[[ EXTRACTED MATERIAL, beginning ]]

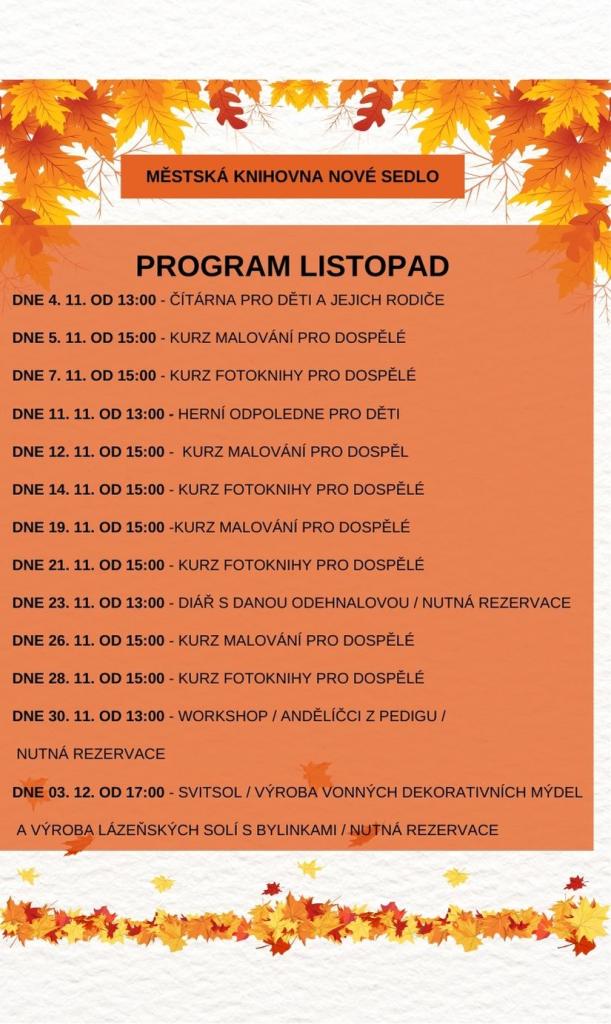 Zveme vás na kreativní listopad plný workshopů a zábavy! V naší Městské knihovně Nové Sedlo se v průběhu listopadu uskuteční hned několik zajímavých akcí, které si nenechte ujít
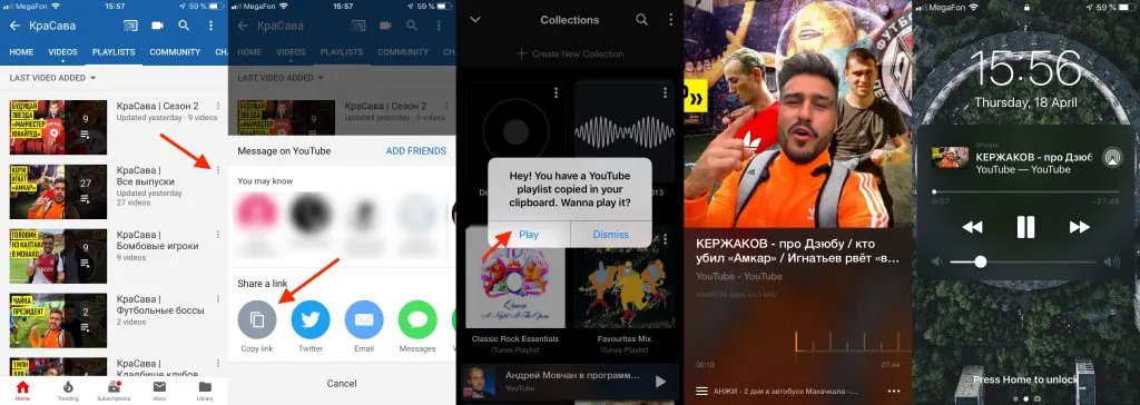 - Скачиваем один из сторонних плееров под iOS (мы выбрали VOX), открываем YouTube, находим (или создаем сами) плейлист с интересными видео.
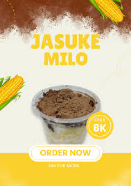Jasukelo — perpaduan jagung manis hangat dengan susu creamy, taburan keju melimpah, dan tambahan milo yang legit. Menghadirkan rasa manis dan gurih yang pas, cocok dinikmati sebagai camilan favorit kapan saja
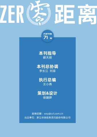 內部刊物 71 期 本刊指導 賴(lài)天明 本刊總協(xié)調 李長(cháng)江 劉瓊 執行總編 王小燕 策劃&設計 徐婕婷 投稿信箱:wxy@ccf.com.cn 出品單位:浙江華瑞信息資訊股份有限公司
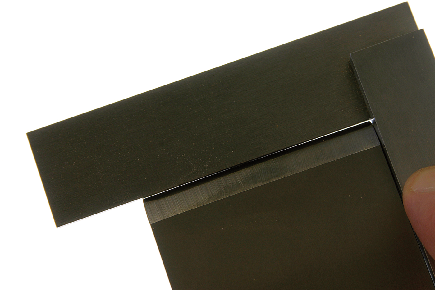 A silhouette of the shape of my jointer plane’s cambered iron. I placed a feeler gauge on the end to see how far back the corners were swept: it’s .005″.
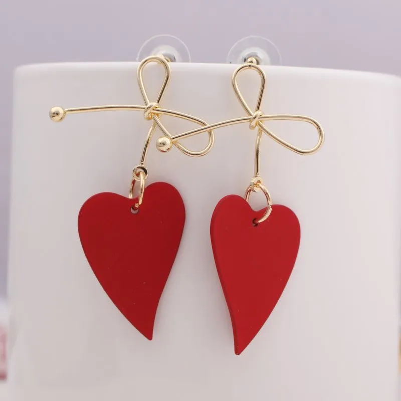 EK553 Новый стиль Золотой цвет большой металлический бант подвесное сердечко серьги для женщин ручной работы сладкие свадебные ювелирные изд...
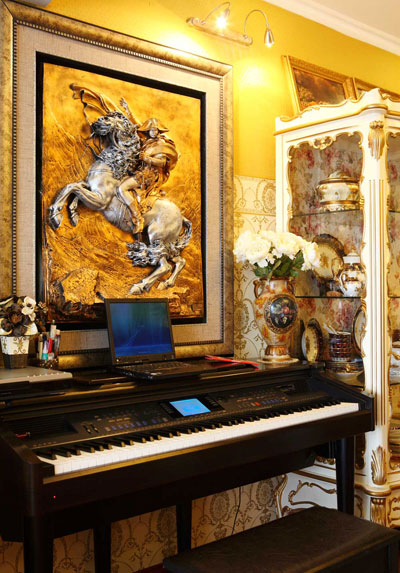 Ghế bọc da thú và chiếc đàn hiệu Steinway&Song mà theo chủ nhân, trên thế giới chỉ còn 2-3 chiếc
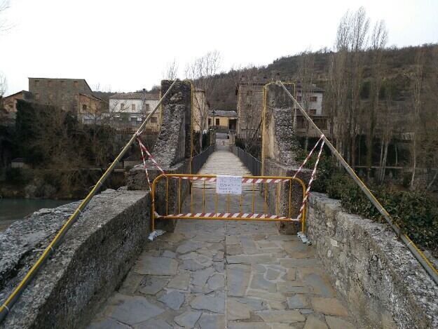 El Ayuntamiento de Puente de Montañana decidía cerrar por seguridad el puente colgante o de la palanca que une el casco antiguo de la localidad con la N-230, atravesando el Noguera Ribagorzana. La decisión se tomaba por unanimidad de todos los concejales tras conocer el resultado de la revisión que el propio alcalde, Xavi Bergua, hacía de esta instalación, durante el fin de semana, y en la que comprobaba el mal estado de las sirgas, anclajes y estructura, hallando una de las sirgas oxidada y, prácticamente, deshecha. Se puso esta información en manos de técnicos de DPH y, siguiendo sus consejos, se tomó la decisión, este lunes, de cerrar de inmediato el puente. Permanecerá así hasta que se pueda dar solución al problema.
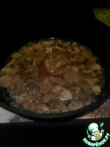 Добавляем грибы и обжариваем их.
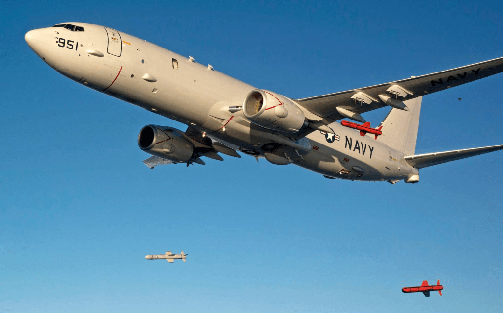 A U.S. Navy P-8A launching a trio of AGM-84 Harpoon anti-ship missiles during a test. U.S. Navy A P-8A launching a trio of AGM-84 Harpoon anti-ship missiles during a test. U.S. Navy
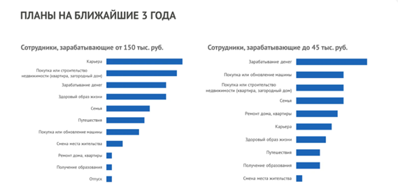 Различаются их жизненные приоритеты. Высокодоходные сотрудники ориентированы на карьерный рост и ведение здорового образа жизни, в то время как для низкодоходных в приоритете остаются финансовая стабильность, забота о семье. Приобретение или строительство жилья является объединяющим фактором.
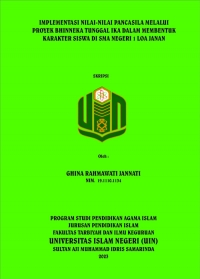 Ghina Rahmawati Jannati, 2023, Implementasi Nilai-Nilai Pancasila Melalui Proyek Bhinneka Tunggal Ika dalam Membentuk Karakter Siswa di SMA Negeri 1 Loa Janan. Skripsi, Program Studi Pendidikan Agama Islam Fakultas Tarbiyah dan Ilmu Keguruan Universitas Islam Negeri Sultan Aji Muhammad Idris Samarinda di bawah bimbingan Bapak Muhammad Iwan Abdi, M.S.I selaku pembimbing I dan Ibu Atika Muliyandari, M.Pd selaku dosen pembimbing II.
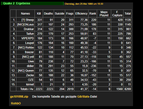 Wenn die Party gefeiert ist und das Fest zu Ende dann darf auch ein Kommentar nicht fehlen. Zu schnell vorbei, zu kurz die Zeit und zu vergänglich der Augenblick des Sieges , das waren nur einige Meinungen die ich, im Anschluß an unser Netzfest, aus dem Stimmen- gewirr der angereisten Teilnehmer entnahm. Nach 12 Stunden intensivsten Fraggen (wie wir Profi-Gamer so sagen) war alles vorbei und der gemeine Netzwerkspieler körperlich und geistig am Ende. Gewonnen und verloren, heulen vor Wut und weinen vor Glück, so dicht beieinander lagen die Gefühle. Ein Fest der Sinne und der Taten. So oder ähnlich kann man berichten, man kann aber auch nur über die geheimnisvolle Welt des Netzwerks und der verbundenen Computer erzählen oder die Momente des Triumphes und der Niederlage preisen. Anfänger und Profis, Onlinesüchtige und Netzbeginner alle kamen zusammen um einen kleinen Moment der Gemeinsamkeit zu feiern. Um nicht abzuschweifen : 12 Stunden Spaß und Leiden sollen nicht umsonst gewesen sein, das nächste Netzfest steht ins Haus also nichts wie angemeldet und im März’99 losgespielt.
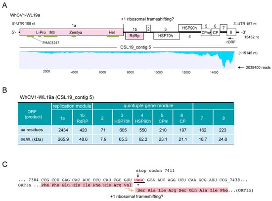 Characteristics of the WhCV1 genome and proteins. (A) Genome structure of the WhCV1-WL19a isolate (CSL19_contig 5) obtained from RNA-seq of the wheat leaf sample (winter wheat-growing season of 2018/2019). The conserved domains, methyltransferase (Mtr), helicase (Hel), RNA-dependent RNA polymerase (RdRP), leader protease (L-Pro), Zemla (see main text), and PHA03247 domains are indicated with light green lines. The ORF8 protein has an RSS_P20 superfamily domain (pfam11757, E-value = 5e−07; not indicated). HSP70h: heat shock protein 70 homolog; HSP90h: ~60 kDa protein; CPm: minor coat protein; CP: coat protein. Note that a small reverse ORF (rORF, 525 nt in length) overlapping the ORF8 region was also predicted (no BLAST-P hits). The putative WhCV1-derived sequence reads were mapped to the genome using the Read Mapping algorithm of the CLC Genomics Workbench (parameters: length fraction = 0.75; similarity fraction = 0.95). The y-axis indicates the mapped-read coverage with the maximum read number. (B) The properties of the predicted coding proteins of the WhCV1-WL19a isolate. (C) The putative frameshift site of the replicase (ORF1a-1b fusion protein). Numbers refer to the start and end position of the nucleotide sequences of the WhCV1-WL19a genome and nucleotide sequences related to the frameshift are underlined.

[[ EXTRACTED MATERIAL, end ]]

■ **EXERCISE DESCRIPTION**
Above, find the line holding "A U.S. Navy" and the line holding "Различаются их жизненные". Print exactly those two lines and every line between them, but no pictures.

■ **EXPECTED ANSWER**
 A U.S. Navy P-8A launching a trio of AGM-84 Harpoon anti-ship missiles during a test. U.S. Navy A P-8A launching a trio of AGM-84 Harpoon anti-ship missiles during a test. U.S. Navy
 Различаются их жизненные приоритеты. Высокодоходные сотрудники ориентированы на карьерный рост и ведение здорового образа жизни, в то время как для низкодоходных в приоритете остаются финансовая стабильность, забота о семье. Приобретение или строительство жилья является объединяющим фактором.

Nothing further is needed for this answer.